Die Gesundheit des Fohlens zeige, dass jede Säugetierart anders auf Klonexperimente reagiere. Deshalb hält Galli Versuche am Menschen zwar wie seine Kollegen für verfrüht und unverantwortlich, aber nicht für prinzipiell unmöglich: "Auch Menschen sind Säugetiere. Ich sehe keinen Grund, dass es nicht eines Tages getan werden könnte."
Derzeit richtet sich sein Interesse jedoch auf die Möglichkeiten, die die Klontechnik für die Forschung bietet: Durch den Vergleich eines geklonten Pferdes mit dem Ausgangspferd ließe sich herausfinden, welche Leistungen eines Pferdes eine genetische Basis haben und welche anerzogen wurden. "In Zukunft können Klone klären, welchen Anteil Gene an den sportlichen Fähigkeiten der Pferde haben und welchen Training und Dressur ausmachen", sagt Galli.
Auch komplexe Krankheiten könnten mit Hilfe geklonter Pferde auf ihren genetischen Hintergrund überprüft werden, ergänzt Katrin Hinrichs, Veterinärmedizinerin an der Texas A&M University. Erst Ende vergangener Woche hörte die Forscherin, dass sie das Rennen von weltweit fünf Laboren um den ersten Pferdeklon verloren hat. Der Geburtstermin für den "vielleicht noch ersten amerikanischen Pferdeklon" ist im November. Für die Zucht, zum Beispiel von Reit- oder Rennpferden, dürfte Klonen keine wesentliche Rolle spielen. "Der Züchter will keinen Klon eines Pferdes, das er schon hat. Er will zwei gute Pferde kreuzen, um ein besseres zu bekommen", sagt Hinrichs. Einen Champion zu klonen, sei schon aus bürokratischen Gründen wenig attraktiv, sagt Hinrichs: Der amerikanische Jockey Club, bei dem jedes Rennpferd zugelassen werden muss, verbiete Tiere, die durch künstliche Befruchtung gezeugt wurden - "vom Klonen gar nicht zu sprechen".
Pferd ist kein normales Nutztier
Thomas Hartwig von der Deutschen Reiterlichen Vereinigung ist ebenfalls skeptisch: "100 Klone eines Ausnahmepferdes wie Black Beauty würden wohl auch 100 Leistungsbilder zeigen." Das Pferd sei mit anderen Nutztieren kaum zu vergleichen.
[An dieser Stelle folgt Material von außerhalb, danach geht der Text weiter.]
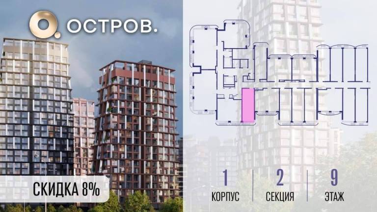 Продаётся квартира от застройщика: общая площадь 28.00 м, жилая 14.40 м, кухня 5.00 м, 9-й этаж, жилой квартал «Остров 14», корпус 1 (секция 2) . Срок сдачи: 2...
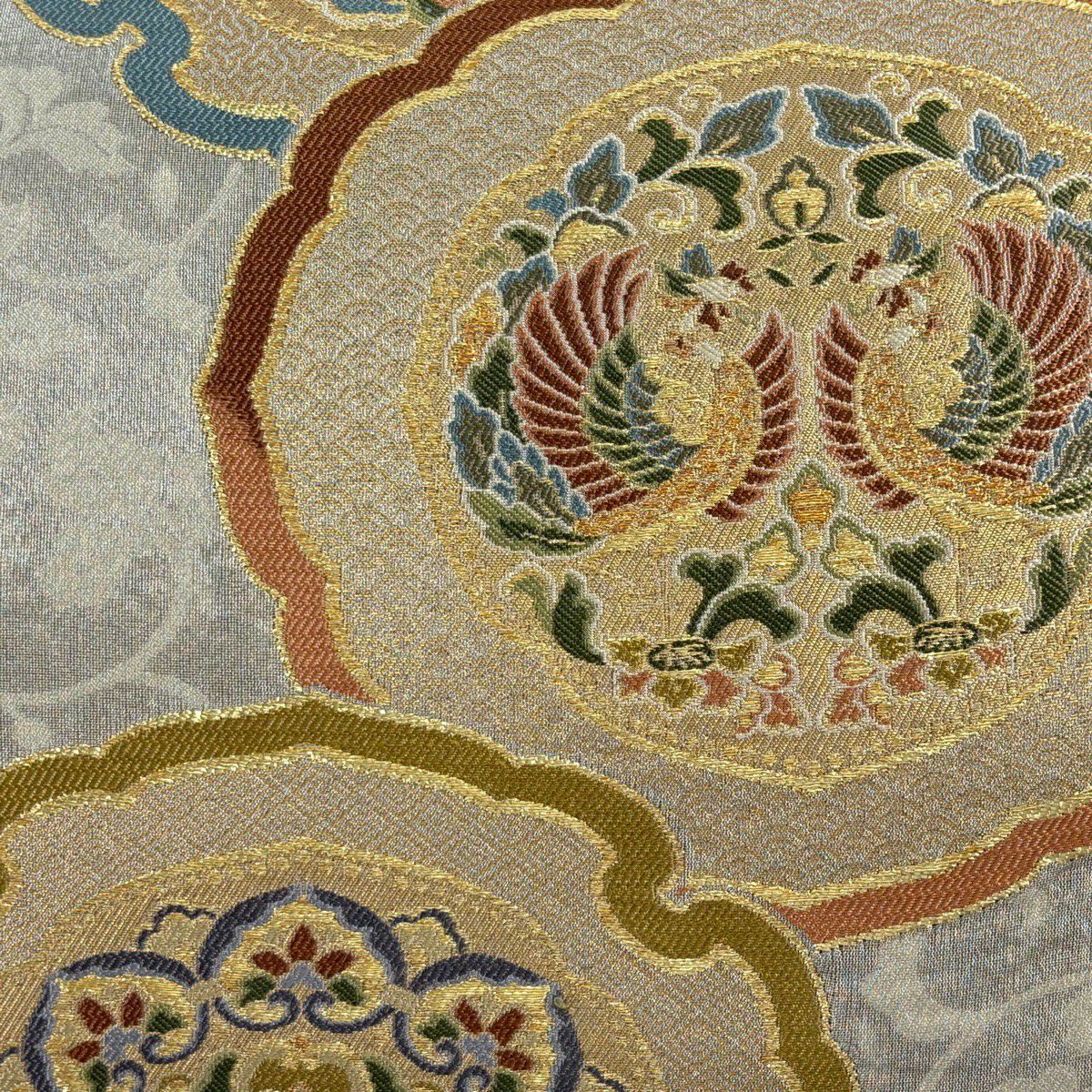 【美品】 袋帯 名品 草花 樹木 刺繍 金銀糸 灰色 六通 正絹

Der Einfluss des Menschen auf Dressur und Training sei viel größer.

Schaf Dolly war das weltweit erste geklonte Säugetier - und bis heute auch das berühmteste. Das Tier kam am 5. Juli 1996 zur Welt. Sein früher Tod im Februar dieses Jahres bestätigte die Befürchtungen mancher Genetiker, wonach geklonte Tiere meistens viel kränker sind als ihre Artgenossen.
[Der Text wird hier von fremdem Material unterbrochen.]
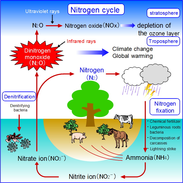 ●Dinitrogen monoxide(N2O) Dinitrogen monoxide is also reffered to as nitrogen oxide. The main sources are combustion,the use of nitrogen fertilizer,chemical industry(manufacturing nitric acid),organic microbial degradation of nitric acid in the sludge, and nitrite accumulation. In the process of nitrogen circulation, ammonia becomes nitrogen and nitric acid degraded by the denitrifying bacteria. Dinitrogen monoxide occurs when there is no denitrifying bacteria. Dinitrogen monoxide a gas with a large greenhouse gas effect of about 300 times that of carbon dioxide. Dinitrogen monoxide concentration on the atmosphere has increased to 17% since the year 1750, and still increasing.
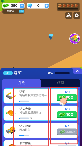 2、进入煤矿界面,依据资金状况和发展需求,优先升级“钻速”提升煤炭收集效率,或升级“钻头容量”增加存储量。
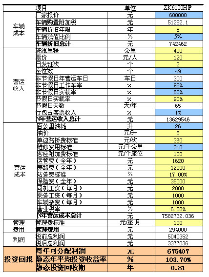 另以运营里程400公里,一天2个单趟全程高速的车辆终身收益模型为例:

Schwein Nach erfolgreichen Klonversuchen mit Maus, Rind und Ziege im Jahr 1998 gingen im März 2000 Bilder von fünf geklonten Schweinen um die Welt. Die schottischen Schöpfer der Nutztiere hatten sich schillernde Namen für die Ferkel ausgedacht: Millie, Christa, Alexis, Carrel und Dotcom.
Katze Im Jahr 2002 kamen die ersten Schmusehaustiere im Klub der Kopien an. Französische Forscher schufen ein Kaninchen. In den USA kam Copycat zur Welt, die erste geklonte Katze. Deren Schöpfer sprachen beim Anblick des gefleckten Tierchens vom Anfang der Kommerzialisierung des Klonens.